■ **AIM OF THE EXERCISE**: Print only the lines below from the one with "The delightful paved" to the one with "Damascus + Copper (#4)", both included, exactly as they stand. Leave pictures out.

(Dataset excerpts)
::::

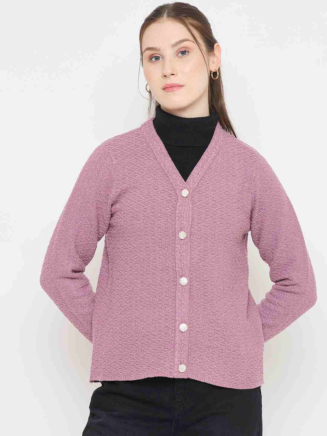Madame V-Neck Pink Cardigan with Buttons
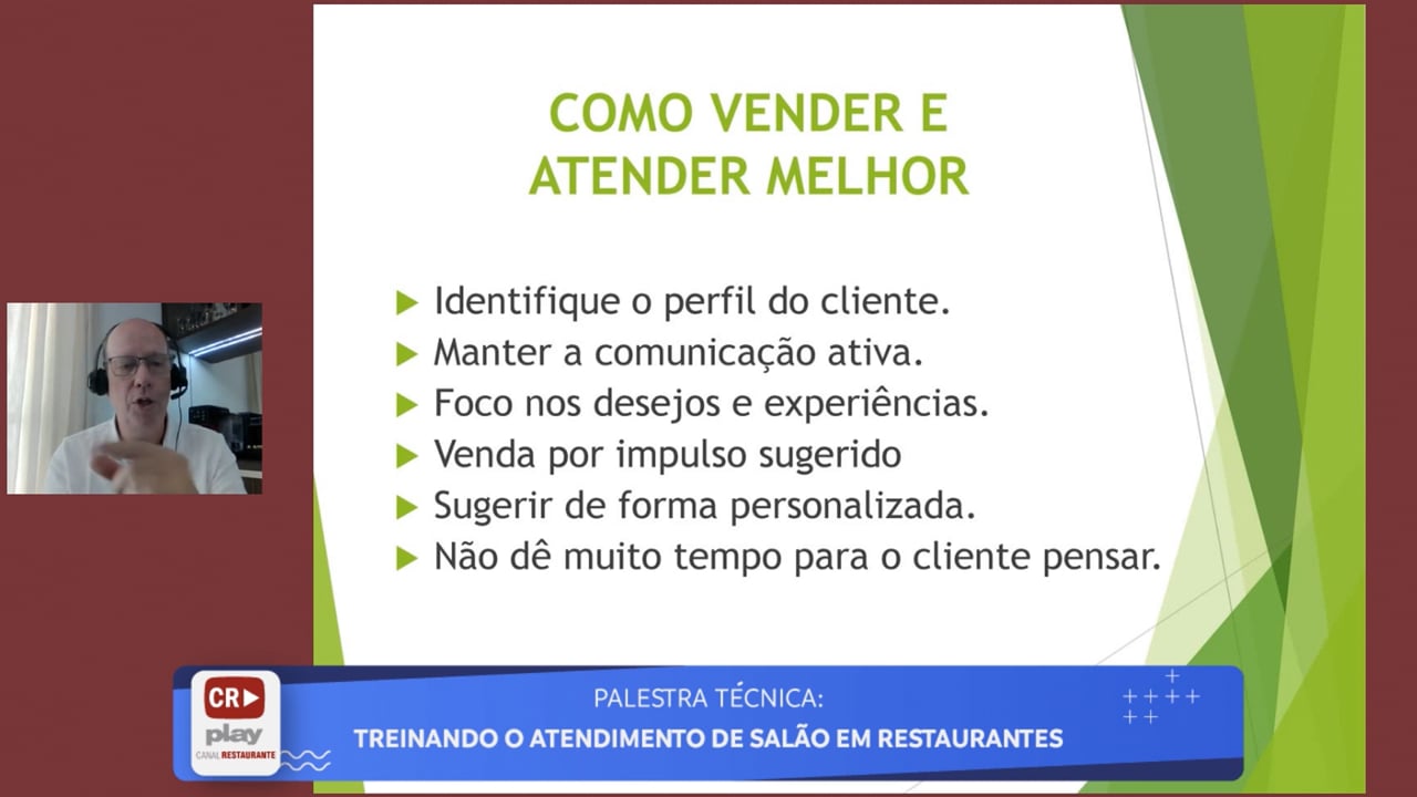 O palestrante sobre o tema é Paul William Gregson, que atua há mais de 30 anos na capacitação de gestores e profissionais do segmento de gastronomia e hotelaria, oferecendo as melhores práticas e ferramentas para otimizar suas operações, por meio de análise de resultados e otimização de recursos, redução de custos (controle e gestão de compras e estoques), otimização de receitas e ganho de lucratividade, cliente oculto, mixologia e outros.
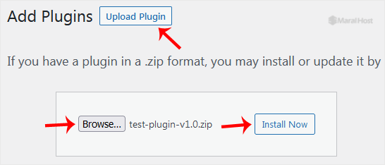 3- بر روی Upload Plugin و سپس Browse کلیک کنید. فایل فشرده (zip) افزونه خود را انتخاب و بر روی Install Now کلیک نمایید.
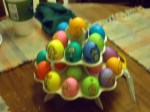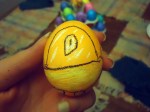 Here is a set of eggs colored and drawn by my daughter this year. The figures are Armless Bipedal Cycloptic Demons, or ABCDs. The ABCDs were created initially as part of an online project by the Talkhaus online gaming community for an event they titled A Super Mario Things (ASMT for short). Carly drew several of the characters from the ASMT, and created her own ABCDs based off the motif.
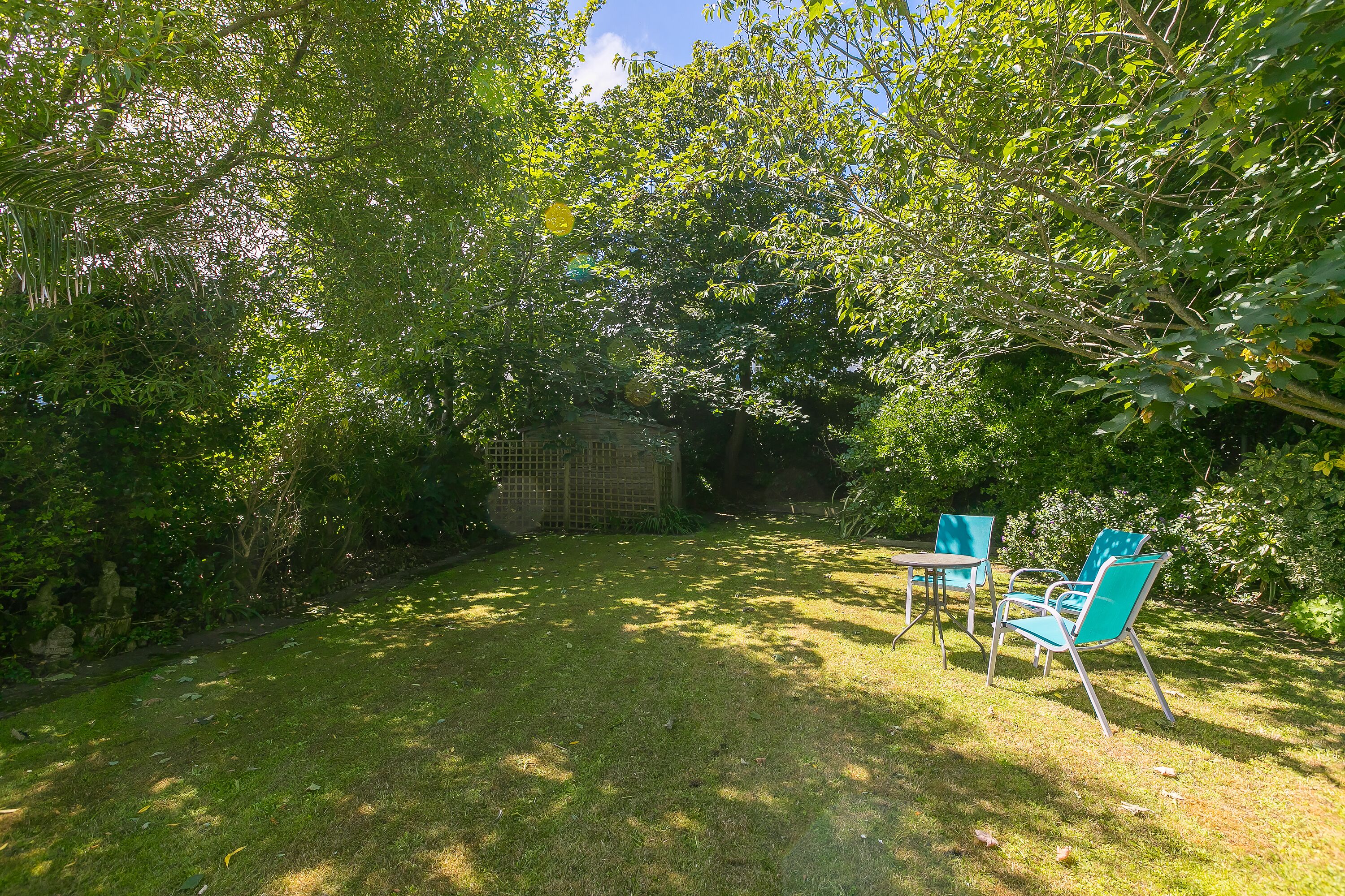 The delightful paved front terrace is furnished with comfy rattan chairs and a drinks table, so is ideal for morning coffees or evening drinks. The terrace is completely private with a surrounding fence and gated access.
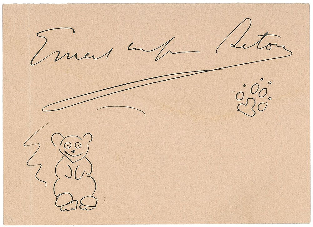 Nature writer (1860–1946) who founded the modern school of animal fiction and helped found the Boy Scouts of America. Original vintage signed ink sketch of a small bear and paw print on an off-white 5 x 3.5 sheet. In fine condition, with a vertical fold along left edge.
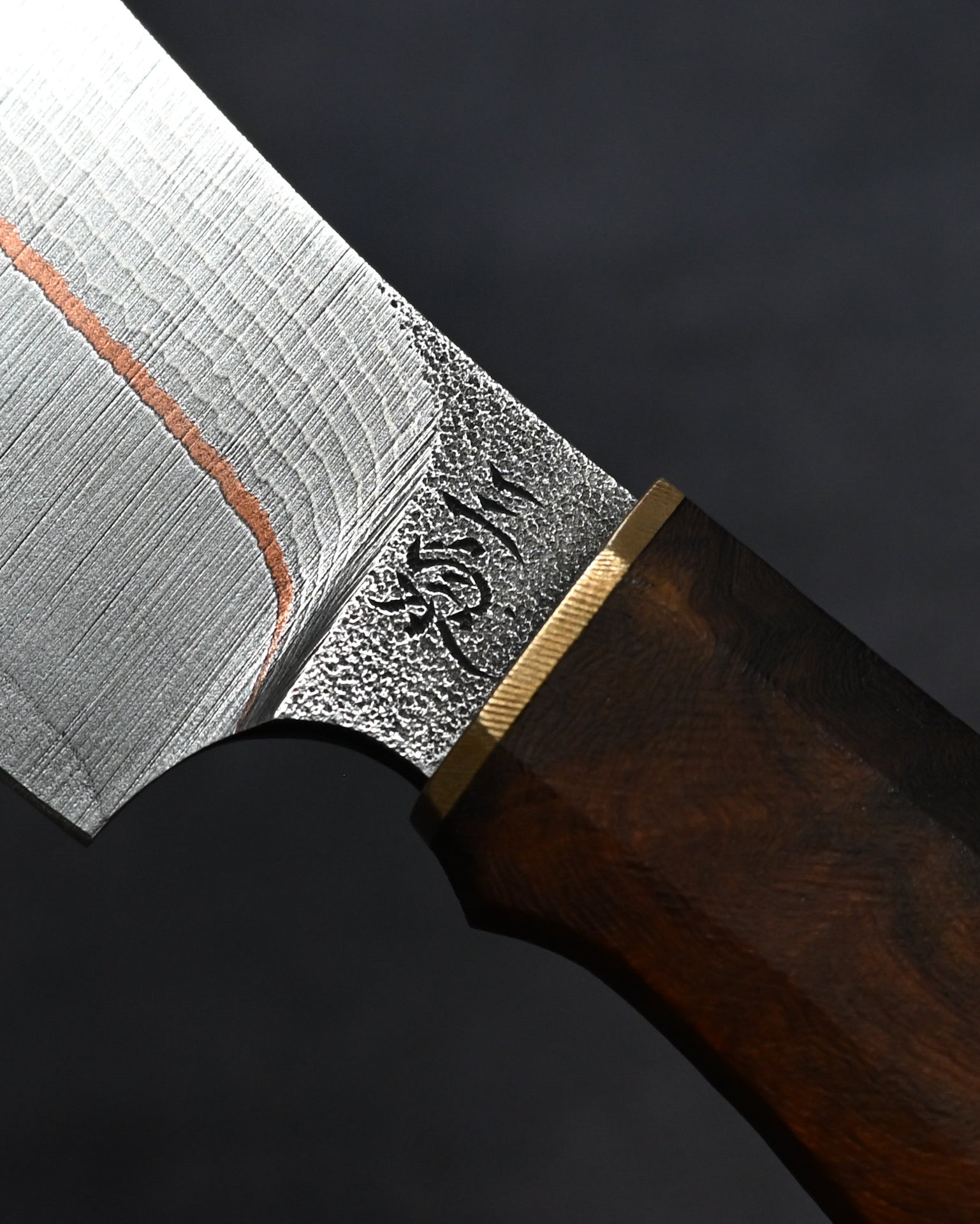 Sunizumi Knives “Little Brown” Full Custom Outdoor Bunka Knife VG7 Damascus + Copper (#4)
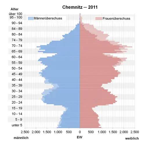 Neben dem Rückgang der Einwohnerzahl findet eine Verschiebung der Altersstruktur statt.[14] Ende 2002 lag der Anteil der unter 15-Jährigen, aufgrund einer niedrigen Geburtenrate, bei 10,1 %. Das war der niedrigste Stand einer Großstadt in Deutschland. Der Anteil der 15- bis 25-Jährigen lag bei 12,3 %, der der 25- bis 60-Jährigen bei 47,5 %. Der Anteil der über 60-Jährigen lag bei 30,1 % und stieg bis 30. September 2008 um 2,5 % auf 32,6 % und bis 31. März 2019 auf 34,56 %[15], was noch immer der höchste Wert einer deutschen Großstadt ist. Zwischenzeitlich zeigt sich eine Trendwende bei den Geburten. Am 7. November 2008 wurde mit der 1000. Geburt im Jahr 2008 im DRK-Krankenhaus Rabenstein das erste Mal seit der Wende die Marke von 1000 Geburten im Jahr überschritten. Der absolute Tiefpunkt war nach der Wende im Jahr 1993 mit 535 Geburten erreicht. Der Anteil der unter 15-Jährigen lag per 30. September 2008 bei 10,4 % und war damit im Vergleich zu 2005 um 0,3 % gestiegen; zum 31. März 2019 waren 13,4 % der Einwohner bis 15 Jahre alt. Seit dem Jahr 2019 ist jedoch wieder ein Rückgang zu verzeichnen.
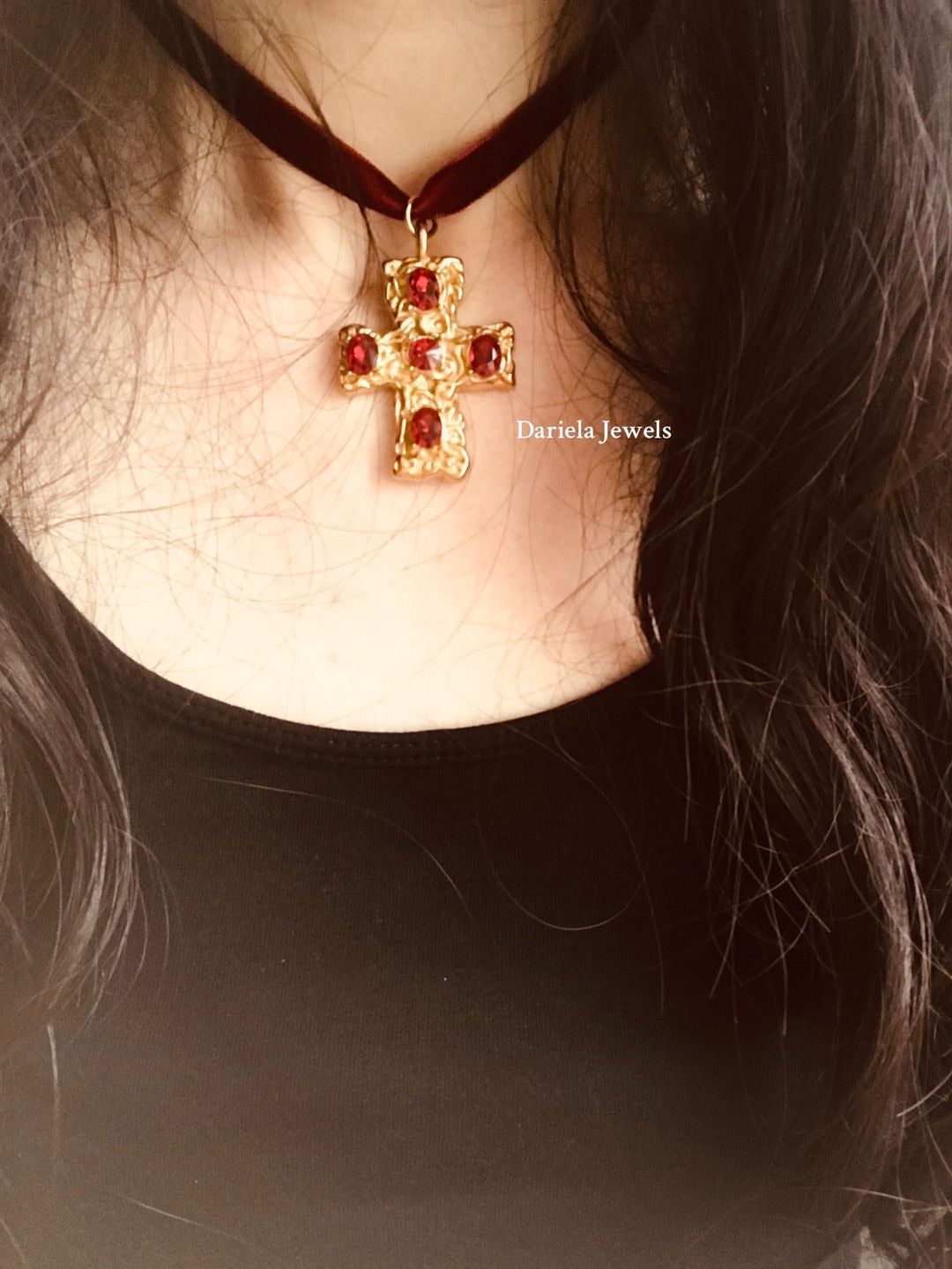 Ajoutez une touche de mystère et d'élégance à votre style avec notre ras de cou Elena. Confectionné à la main avec soin, ce collier en velours rouge intense sublime votre cou d'un éclat raffiné. Son pendentif imposant en forme de croix évoque l'esthétique gothique chic, rappelant les bijoux emblématiques portés par les héroïnes de séries cultes.

::::

■ **EXERCISE RESPONSE**:
 The delightful paved front terrace is furnished with comfy rattan chairs and a drinks table, so is ideal for morning coffees or evening drinks. The terrace is completely private with a surrounding fence and gated access.
 Nature writer (1860–1946) who founded the modern school of animal fiction and helped found the Boy Scouts of America. Original vintage signed ink sketch of a small bear and paw print on an off-white 5 x 3.5 sheet. In fine condition, with a vertical fold along left edge.
 Sunizumi Knives “Little Brown” Full Custom Outdoor Bunka Knife VG7 Damascus + Copper (#4)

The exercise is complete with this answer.